We plan to build a new optimizer by extending and partially
reimplementing the current optimizer, which will involve building a
number of new components "from scratch" in C# or C++. We feel that
this approach is more effective than using an off-the-shelf package or
modifying some existing optimizer for solving the conference-planning
problem. We plan to use ideas and algorithms from CMRadar, but we do
not plan to reuse its code. This approach will allow us to build a
system streamlined to the Space-Time representation, make the system
transparent for learning, and simplify its maintenance. The reasons
for avoiding off-the-shelf packages are as follows.

() The current Space-Time optimizer provides a starting point for the
Year 3 work, which may be more effective than using another system as
a starting point. Furthermore, adding the CMRadar techniques to the
current Space-Time optimizer may be more effective than starting with
CMRadar and modifying it for the Space-Time optimization.

() The expressiveness of constraints in off-the-shelf packages is
limited, and representing all domain features in the input language of
an off-the-shelf package may be difficult. Furthermore, general search
techniques may be inefficient for our problem, and the work involved
in adapting a general package to our problem may be comparable to
implementing our own search algorithm. We encountered these problems
when trying to adapt ILOG to solving the office allocation problem.

() To our knowledge, the existing packages do not support reasoning
with uncertainty, which is central to the Space-Time system. Also,
they do not provide sufficient support for adding control knowledge,
generating explanations of their decisions, and storing intermediate
search results, required for learning and collaboration with the user.

We plan to develop the new optimizer in either C# or C++; the final
selection between these two languages will depend on the preference of
the lead programmer, as well as on the integration requirements.


-= Human resources and deliverables =-

We expect that the implementation of all features of the new optimizer
will take a year, and require the work of 1.5 full-time programmers.
We also expect to use additional 0.5 of a programmer for the related
learning and integration work, which will involve helping the graduate
students working on learning, and extending the "plumbing" code that
connects the components of the Space-Time system. This estimate is
consistent with the resources requested in the earlier Statement of
Work for the Space-Time group, which included two programmers and two
graduate students.

We plan to built an initial version of the new optimizer in four
months, and incrementally extend its functionality over the next eight
months; a tentative delivery schedule is as follows.

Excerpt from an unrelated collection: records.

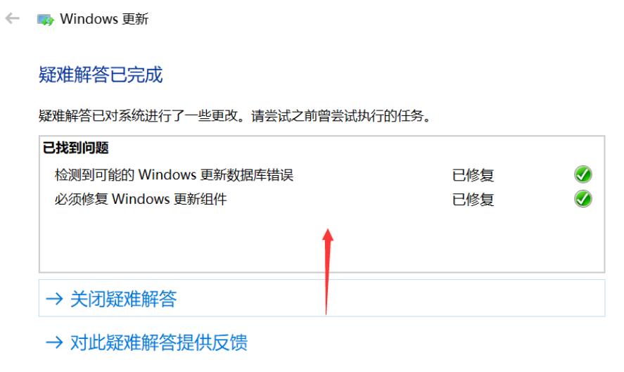 10、系统弹出修复结果,其中会显示所有的错误和修复结果,全部修复成功后,点击关闭按钮,重新检查更新即可。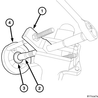 12. Remove carrier bearings (3) using Splitter (4), Installer (2) and a press (1).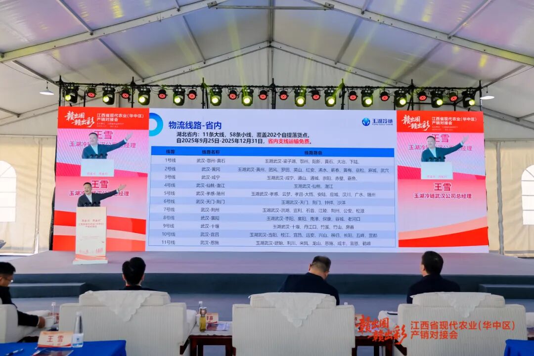 對接會當(dāng)天,玉湖冷鏈武漢公司負責(zé)人介紹了依托黃陂基地構(gòu)建的綜合服務(wù)體系及專項物流優(yōu)惠政策。該體系以“降本增效”為核心,為贛鄂兩地食材流通提供從產(chǎn)地倉儲、干線運輸?shù)浇K端配送的一體化解決方案,助力江西企業(yè)實現(xiàn)“產(chǎn)地直供+華中直銷”的暢通循環(huán)。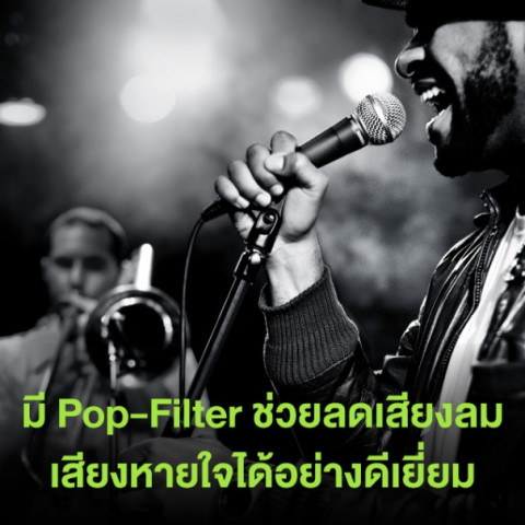 มีตัวกรองลมภายใน (Pop Filter) ช่วยลดเสียงลมและเสียงพ่นลมให้นุ่มนวลขึ้น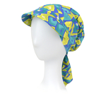 Turban z daszkiem i wiązaniem z tyłu turkusowo granatowo żółty wzór PALERMO Q-404

February 2006: We will develop a new representation of uncertain
knowledge and preferences, make representation fully consistent with
the IET scoring function, and implement new data structures. We will
also implement an optimization algorithm for the new representation.

June 2006: We will add all elements of representation related to Aaron
Steinfeld's definition of good schedules. We will also develop and
evaluate techniques for improving the performance of the optimization
algorithm, and implement a fast version of the optimizer for the use
in the information elicitation.

October 2006: We will add control-knowledge mechanisms and investigate
techniques for explaining the optimizer's decision to the user. This
work may continue after October 2006, during Year 4.